Lai ist ein entschiedener Verfechter eines souveränen Taiwan. Bei seiner Amtseinführung vor einem Jahr hatte er angekündigt, er werde China die Stirn bieten und die Demokratie in Taiwan verteidigen. In seiner Rede am Dienstag unterstrich er den Wunsch nach Frieden: "Frieden ist unbezahlbar, im Krieg gibt es keine Gewinner." Er betonte jedoch auch die Notwendigkeit, "sich auf Krieg vorzubereiten, um Krieg zu vermeiden". Taiwan werde seine Verteidigungsmaßnahmen ausbauen und die wirtschaftliche Widerstandsfähigkeit des Inselstaats stärken.

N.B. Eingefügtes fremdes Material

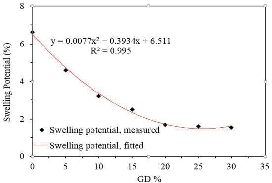 Figure 16 displays the swelling potential as a function of the percentage of GD added to the ES, up to 30%. It is clear that, by increasing the percentages of GD up to 30%, the swelling potential decreases from 6.63% to 1.54%. On the other hand, from Figure 17, it is evident that the rate of decrease in the value of swelling potential is large with the increase in the percentage of GD, and that this rate decreases after increasing this percentage greater than 20%. This behaviour can be explained by the fact that the addition of non-expansive material to the expansive soil reduces the clay-minerals content per unit mass of soil-GD mixes. Consequently, the total surface area of expansive clay particles decreases, and this can cause the values of the swelling percent to diminish. Moreover, this could be due to the GD, which produces a denser packed soil mixture for the pore water pressure, and this pack offers high resistance to swelling. A similar result was observed by various researchers with various stabilizer materials, such as Ogila [], Blayi et al. [], Abdelkader et al. [], and Kalkan et al., []. A regression model has been established to predict the swelling potential of the ES mixed with various percentages of GD. The model is as follows:
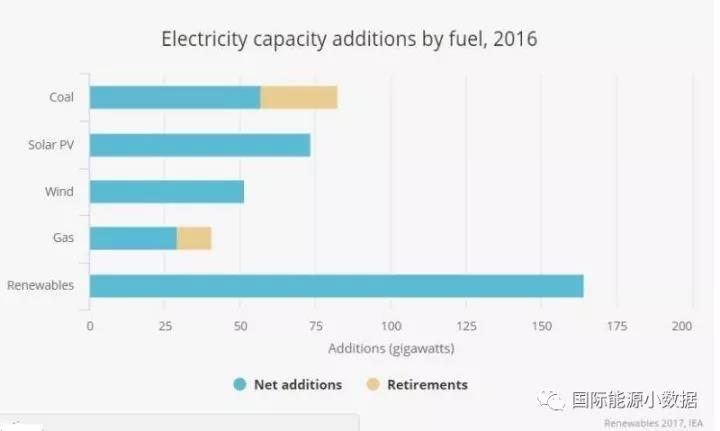 國(guó)際能源署發(fā)布2017年可再生能源報(bào)告,確認(rèn)2016年全球新增可再生能源裝機(jī)165吉瓦,其中太陽(yáng)能光伏裝機(jī)達(dá)到74吉瓦(約46%來(lái)自中國(guó)),首次超過煤電新增裝機(jī)(57吉瓦)。
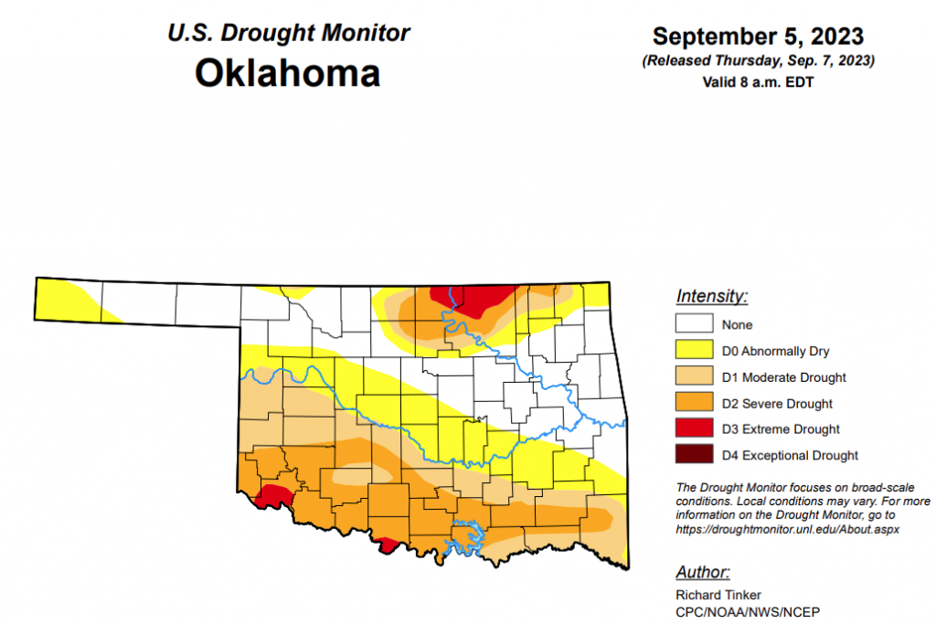 According to the latest Oklahoma Drought Monitor, exceptional drought remains at zero percent, unchanged for the past few weeks.
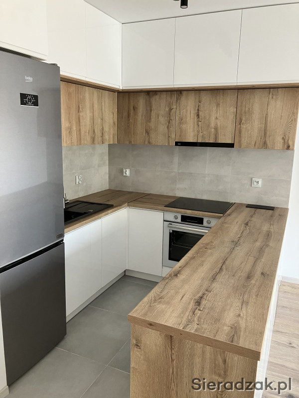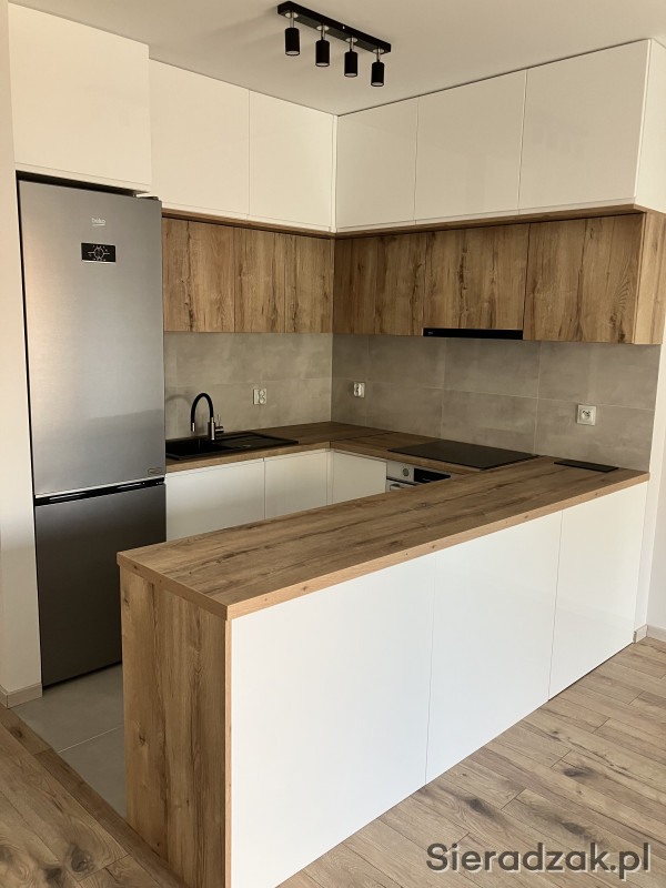 Wyposażenie: zabudowany aneks kuchenny (lodówka, płyta indukcyjna, piekarnik, zmywarka, okap), wyposażona łazienka, szafy w przedpokoju i sypialni, rolety zewnętrzne.

Der Sprecher des chinesischen Büros für taiwanische Angelegenheiten, Chen Binhua, reagierte auf Lais Rede mit Kritik an dessen "separatistischen Positionen". Lai habe an "der Unabhängigkeit Taiwans festgehalten" - eine Position, die "zum Scheitern verurteilt" sei, sagte Chen dem chinesischen Staatssender CCTV. Peking sei zwar bereit, auf das Gesprächsangebot aus Taipeh einzugehen, allerdings nur "auf der Grundlage des Ein-China-Prinzips" und über Themen, die "für die Wiedervereinigung mit dem Mutterland" relevant seien, erklärte Chen.
China betrachtet Taiwan als abtrünnige Provinz, die notfalls mit militärischer Gewalt wieder mit dem Festland vereinigt werden soll. Taiwan wirft der Führung in Peking vor, Cyberangriffe, Desinformation und Spionage einzusetzen, um das Land zu schwächen.